Этот народ почти в полном составе уйдет на запад, туда, куда его позовут, туда, где его назовут своим. И то будет финальной и самой большой трагедией этого маленького, самобытного народа, потому что он долго еще — до полного ухода в небытие двух поколений — старшего и среднего — будет оставаться там, в Германии, частью русского народа, и в качестве такового будет нести в себе чисто русское страдание — ностальгию по оставленной Родине. Для третьего — младшего — поколения российских немцев в Германии Россия будет уже чужой страной — не дружественной, не враждебной, а просто чужой: как Зимбабве, Гаити, Эстония или тысяча других неведомых стран, разбросанных везде по земному шару…

 

Но все то случится еще нескоро, а тогда, в пятидесятые — семидесятые годы, практически не подразделяясь больше на русских, немцев, казахов, грузин, поляков и чеченцев, все они — советский целинный народ — совместно растили детей и пшеницу, бегали смотреть на съемки фильма «Иван Бровкин на целине» и замирали от голоса диктора Левитана: «…Внимание, внимание: говорят все радиостанции Советского Союза!.. », — голоса, от которого кожа покрывалась пупырками, а сердце начинало бить набатом восторга: Гагарин! Мы — первые! Это «Мы» — дорогого стоило тогда: то было большое «МЫ», не идеологически слепленное из двух букв, но выстраданное, общее «Мы», единое «Мы». Это «Мы» было чувством, а не просто словом — и чувством могучим!
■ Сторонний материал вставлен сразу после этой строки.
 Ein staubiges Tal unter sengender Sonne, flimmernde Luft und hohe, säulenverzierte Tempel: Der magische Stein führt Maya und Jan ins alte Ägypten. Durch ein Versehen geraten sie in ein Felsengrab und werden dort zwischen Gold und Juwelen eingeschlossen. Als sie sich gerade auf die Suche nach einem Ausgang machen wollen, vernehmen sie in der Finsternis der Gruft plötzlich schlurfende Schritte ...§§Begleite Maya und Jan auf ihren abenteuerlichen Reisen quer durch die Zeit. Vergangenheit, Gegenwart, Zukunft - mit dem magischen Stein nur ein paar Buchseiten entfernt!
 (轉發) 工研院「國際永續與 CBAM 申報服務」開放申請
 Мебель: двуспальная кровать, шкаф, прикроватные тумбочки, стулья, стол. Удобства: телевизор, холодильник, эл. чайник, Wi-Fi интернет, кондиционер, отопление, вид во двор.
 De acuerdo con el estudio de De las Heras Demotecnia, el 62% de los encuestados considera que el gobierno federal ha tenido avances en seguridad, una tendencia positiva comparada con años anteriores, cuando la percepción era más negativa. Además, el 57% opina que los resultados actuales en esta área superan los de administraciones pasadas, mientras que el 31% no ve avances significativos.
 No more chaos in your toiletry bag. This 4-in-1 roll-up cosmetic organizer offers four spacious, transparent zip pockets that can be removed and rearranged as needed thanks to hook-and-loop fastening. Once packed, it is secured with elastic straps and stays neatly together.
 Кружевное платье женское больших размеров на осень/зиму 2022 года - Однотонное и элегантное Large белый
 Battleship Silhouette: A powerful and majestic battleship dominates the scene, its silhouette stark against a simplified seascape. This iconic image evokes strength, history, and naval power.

Да, так оно все и было! Во всяком случае — так оно вспоминается еще старикам, способным и желающим помнить.

 

Лето 1968 года выдало фантастический урожай! Зерна было столько, что его не успевали вывозить с полей. Элеваторы были переполнены. Не хватало самосвалов, рабочих рук и часов в сутках. Происходили чудеса: рядом со студентами, колхозниками, осужденными-«химиками», рабочими совхоза, многочисленными недавними «врагами народа» — российскими немцами, на току стояли с деревянными лопатами, кусками фанеры и просто досками секретари райкомов и обкомов с женами и детьми. И даже если трудовой энтузиазм всех этих последних объяснялся большей частью присутствием вокруг представителей прессы с фото— и кинокамерами, то все равно за время многочисленных дублей и ракурсов перекидать-перевеять они успевали много. А то еще и так бывало: репортеры, отсняв потные лица вождей и напряженные спины рабочих, откладывали в сторону свои блокноты и камеры, и сами становились в шеренгу хлеборобов: кидали зерно и наполнялись патриотическим чувством высшего сорта для того, чтобы максимально реалистично передать затем это чувство своим читателям и зрителям со страниц газет и киноэкранов. Целина стала для журналистов истинным клондайком; целинные репортеры с гордостью называли себя «целинниками», и вместе с хлеборобами получали целинные награды, которыми гордились после всю жизнь, как боевыми орденами. Они сочиняли о целине вдохновенно. Например, так: «Хотя хлеба пропасть, но ни одно зернышко не должно пропасть! ». Многие писали ночами, потому что день уходил на разъезды по поднятой целине: уж очень велики были расстояния от полевого стана до полевого стана, от одной героической бригады до другой.

Работа шла в три смены, без выходных, днем и ночью. Хотя — какие там ночи во время уборки: свет фар в середину круга — и день продолжался до рассвета. Спали тут же, в обнимку с лопатой, или без нее, если кто-то ее перехватывал, возникший из темноты. Это был фронт, это была битва, это были — те самые «МЫ»! На этом фронте не было ни старых, ни малых: бойцами были все. Школьники с учителями — в том числе.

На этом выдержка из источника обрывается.